Central Ballester, de una canallada a la reivindicación

El rival del Independiente por Copa Argentina llega al partido más importante de su historia buscando identidad y sentido de pertenencia.

En tiempos en donde el capitalismo ha conquistado hasta las más profundas capas del espíritu deportivo y se ha llevado por delante al club como núcleo conglomerante dentro de una comunidad, el proceso de fundación y crecimiento de una institución puede transitar caminos ambiguos que confundan el rumbo.

Para el Club Social y Deportivo Central Ballester, sus primeros 44 años de vida vienen siendo de batallas en busca de su identidad.

Cuando en 1974 se cerraba el Club Atlético Central Argentino por las cuantiosas pérdidas que generaba, un grupo de socios decidió formar una nueva institución a cualquier costo.

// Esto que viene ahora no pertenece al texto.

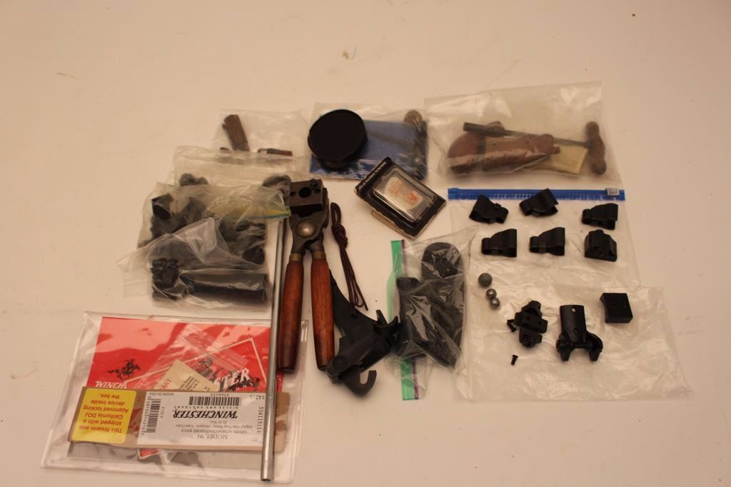 Lot 1349 Box lot of misc. shooters items and sight. Est.: $60-$120

Un favor fundado en la amistad entre el titular de aquella AFA y el presidente del nuevo “Central Ballester”, hizo que el flamante club tuviera su afiliación y pudiera, rápidamente, empezar a competir en Primera D. No tenía sede ni estadio, pero tenía la venia adecuada.

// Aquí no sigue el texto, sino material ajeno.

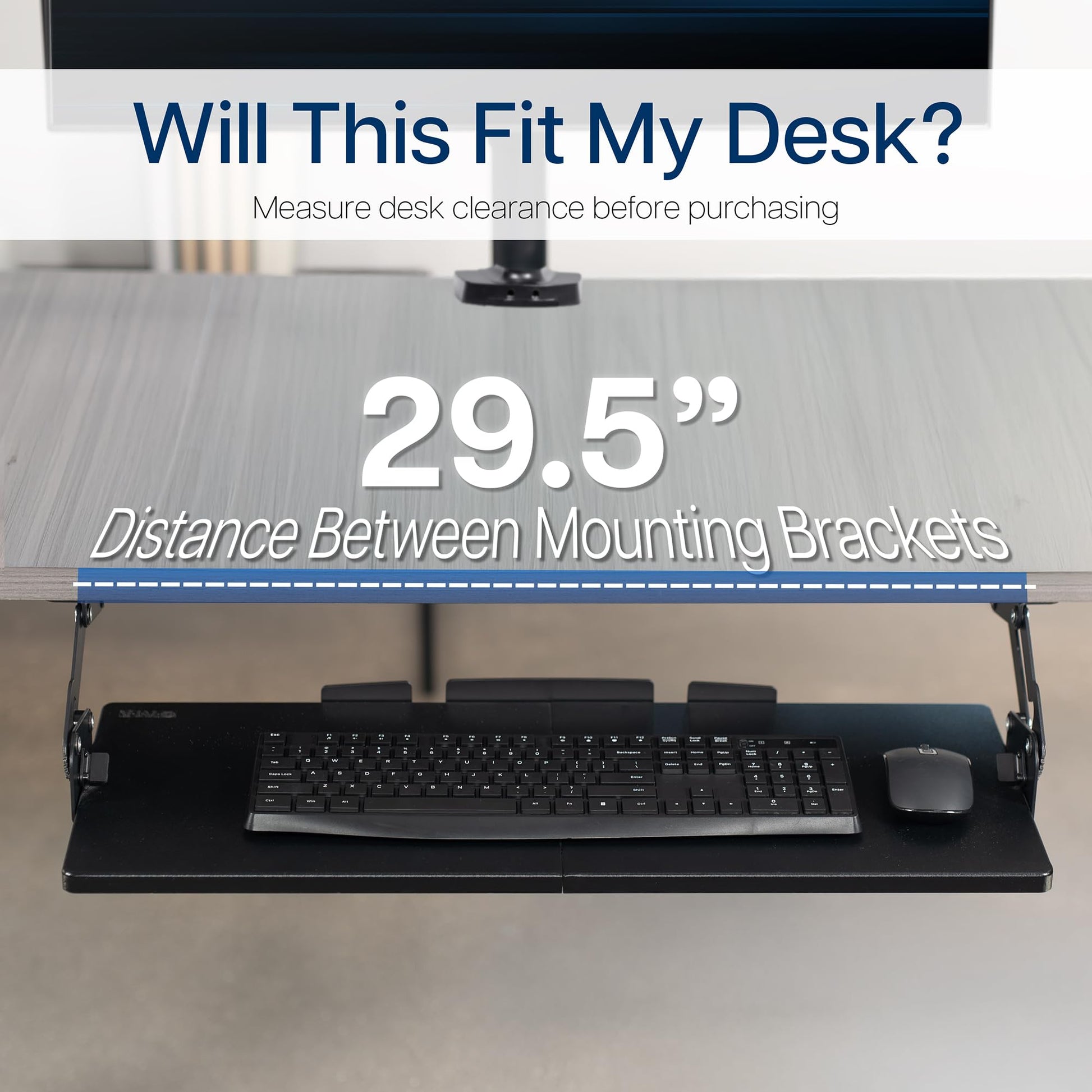 - Save Desk Space: This 26.8” x 11” ergonomic keyboard tray mounts under your desk, holding your keyboard, mouse, and other small accessories below the desktop for added workspace --Patent Pending--

Transitó la liga con más traspiés que victorias durante 20 años. Siempre en la búsqueda del ascenso que le permitiera, por lo menos, apoyarse para crecer desde lo económico.

Para cuando llegó 1995, el entrenador Alejandro Brasi comenzó a analizar otras cuestiones además de las deportivas. Pensó que tenía material para finalmente pelear un ascenso, sin embargo, concluyó que la camiseta no les hacía justicia.

“Fui a Merlo y compré camisetas de Rosario Central” contó alguna vez el DT.

Con la publicidad, con todo. Una decisión que cambiaría sustancialmente el mundo de la institución. La idea de Brasi era generar un golpe anímico, en sus jugadores y en la imagen ante sus rivales.

Ganaron 13 partidos seguidos y consiguieron el ascenso a Primera C, siendo este su único logro deportivo.

Claro que en Rosario gustó poco el “homenaje”, aunque decidieron confraternizar y hasta proveer de indumentaria al nuevo “Canalla”.

El ascenso fue un imán en San Martín, partido al que pertenece Ballester. La gente del barrio se acercó, pero a los colores, porque aun sin estadio, hacían de local en la que cancha que podían.

Capitalizar el éxito fue la idea de la dirigencia, que pensó en transformar a Central Ballester en una institución que atienda las necesidades sociales de su zona. A pulmón, como se pueda, pero para fidelizar a los hinchas y forjar el sentido de pertenencia.

Así consiguieron luego de varios años, mediante un convenio con una empresa privada, un predio perteneciente al SEAMSE. Allí comenzaron la construcción y prevén inaugurarla a findes de este año, si APREVIDE lo permite.

Es esa noble empresa de involucrarse en la necesidad de los “suyos”, comisión directiva y jugadores empezaron a unirse a distintas causas.

Aquella historia de la camiseta robada podía tener un giro. Se decidió darle un lugar en el “manto sagrado” de Central Ballester a las reivindicaciones sociales.

Desde la comisión directiva nacieron los diseños de las camisetas con el pañuelo de las Madres de Plaza de Mayo, la consigna Ni Una Menos y el homenaje a los fusilados de José León Suárez de 1956.

“Nos dio la identidad como club identificarnos con cuestiones sociales” dijo Ezequiel Rodríguez, alguna vez enganche del equipo. “Nuestra camiseta reivindica a los que murieron en nombre de los ideales democráticos y en contra de la violencia institucional”.

Sus diseños trascendieron la categoría y al mismo fútbol.

Hoy venden sus camisetas por internet debido a la demanda de distintos lugares del país, lo que ayuda a sostener un club que tiene cerca de 150 socios con una cuota mensual que no supera los $200.

Este partido por 32avos de final de Copa Argentina ante Independiente es el partido más importante de la historia del club.

Obviamente, ya están a la venta la bufanda edición limitada del partido y la camiseta con los dos escudos.